If I like King's The Stand, I'll also enjoy...

…what? I am just now finishing the expanded edition and have really liked it. I believe this is just the second S. King book I’ve read, after ‘It.’ Not sure if the its the narrative flow, the setting (end of world/rebuilding world sorta), character development or what, but I like it. Any suggestions on similar stuff I may enjoy?

The Dark Tower series. King’s self-ascribed opus.

Loved The Stand, could not finish the Tower series. Lord, was that thing bloated and self-important.

Salem’s Lot, Christine, Firestarter. . . all good in my book.

Try Max Brooks’ World War Z. It’s similar in theme to The Stand: there’s an apocalypse, humans endure terrible hardships to survive, then begin to rebuild civilization.

Plus, it’s got zombies.

I’ll second Salem’s Lot. It’s one of my favorite books.
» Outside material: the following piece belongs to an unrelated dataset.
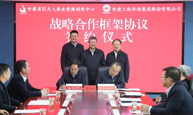2月7日,甘肅工程咨詢集團、省水電設(shè)計院與省引大入秦水資源利用中心分別簽署戰(zhàn)略合作框架協(xié)議。省引大中心黨委書記、主任張正主持簽約儀式并講話,甘肅工程咨詢集團黨委書記、董事長張佩峰致辭,總經(jīng)理陳一夫出席。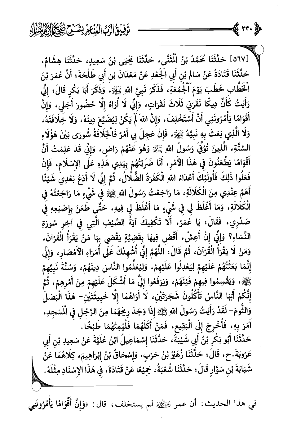 [٥٦٧] حَدَّثَنَا مُحَمَّدُ بْنُ الْمُثَنَّى، حَدَّثَنَا يَحْيَى بْنُ سَعِيدٍ، حَدَّثَنَا هِشَامٌ، حَدَّثَنَا قَتَادَةُ عَنْ سَالِمِ بْنِ أَبِي الْجَعْدِ عَنْ مَعْدَانَ بْنِ أَبِي طَلْحَةَ: أَنَّ عُمَرَ بْنَ الْخَطَّابِ خَطَبَ يَوْمَ الْجُمُعَةِ، فَذَكَرَ نَبِيَّ اللَّهِ صلى الله عليه وسلم، وَذَكَرَ أَبَا بَكْرٍ قَالَ: إِنِّي رَأَيْتُ كَأَنَّ دِيكًا نَقَرَنِي ثَلَاثَ نَقَرَاتٍ، وَإِنِّي لَا أُرَاهُ إِلَّا حُضُورَ أَجَلِي، وَإِنَّ أَقْوَامًا يَأْمُرُونَنِي أَنْ أَسْتَخْلِفَ، وَإِنَّ اللَّهَ لَمْ يَكُنْ لِيُضَيِّعَ دِينَهُ، وَلَا خِلَافَتَهُ، وَلَا الَّذِي بَعَثَ بِهِ نَبِيَّهُ صلى الله عليه وسلم، فَإِنْ عَجِلَ بِي أَمْرٌ فَالْخِلَافَةُ شُورَى بَيْنَ هَؤُلَاءِ السِّتَّةِ، الَّذِينَ تُوُفِّيَ رَسُولُ اللَّهِ صلى الله عليه وسلم وَهُوَ عَنْهُمْ رَاضٍ، وَإِنِّي قَدْ عَلِمْتُ أَنَّ أَقْوَامًا يَطْعَنُونَ فِي هَذَا الأَمْرِ، أَنَا ضَرَبْتُهُمْ بِيَدِي هَذِهِ عَلَى الإِسْلَامِ، فَإِنْ فَعَلُوا ذَلِكَ فَأُولَئِكَ أَعْدَاءُ اللَّهِ الْكَفَرَةُ الضُّلَّالُ، ثُمَّ إِنِّي لَا أَدَعُ بَعْدِي شَيْئًا أَهَمَّ عِنْدِي مِنَ الْكَلَالَةِ، مَا رَاجَعْتُ رَسُولَ اللَّهِ صلى الله عليه وسلم فِي شَيْءٍ مَا رَاجَعْتُهُ فِي الْكَلَالَةِ، وَمَا أَغْلَظَ لِي فِي شَيْءٍ مَا أَغْلَظَ لِي فِيهِ، حَتَّى طَعَنَ بِإِصْبَعِهِ فِي صَدْرِي، فَقَالَ: يَا عُمَرُ، أَلَا تَكْفِيكَ آيَةُ الصَّيْفِ الَّتِي فِي آخِرِ سُورَةِ النِّسَاءِ؟ وَإِنِّي إِنْ أَعِشْ، أَقْضِ فِيهَا بِقَضِيَّةٍ يَقْضِي بِهَا مَنْ يَقْرَأُ الْقُرْآنَ، وَمَنْ لَا يَقْرَأُ الْقُرْآنَ، ثُمَّ قَالَ: اللَّهُمَّ إِنِّي أُشْهِدُكَ عَلَى أُمَرَاءِ الأَمْصَارِ، وَإِنِّي إِنَّمَا بَعَثْتُهُمْ عَلَيْهِمْ لِيَعْدِلُوا عَلَيْهِمْ، وَلِيُعَلِّمُوا النَّاسَ

If you read it and like it, also check out Peter Straub’s Ghost Story.

Insomnia by Stephen King is really good, as are Different Seasons and Four Past Midnight, two books that each contain 4 smaller novellas.

For more “End of the World/Plague Antics” (my favorite genre), you might like…

World War Z by Max Brooks
The Changed World series (starts with Dies the Fire) by S.M. Stirling
Cell by Stephen King (shut up, I liked it!)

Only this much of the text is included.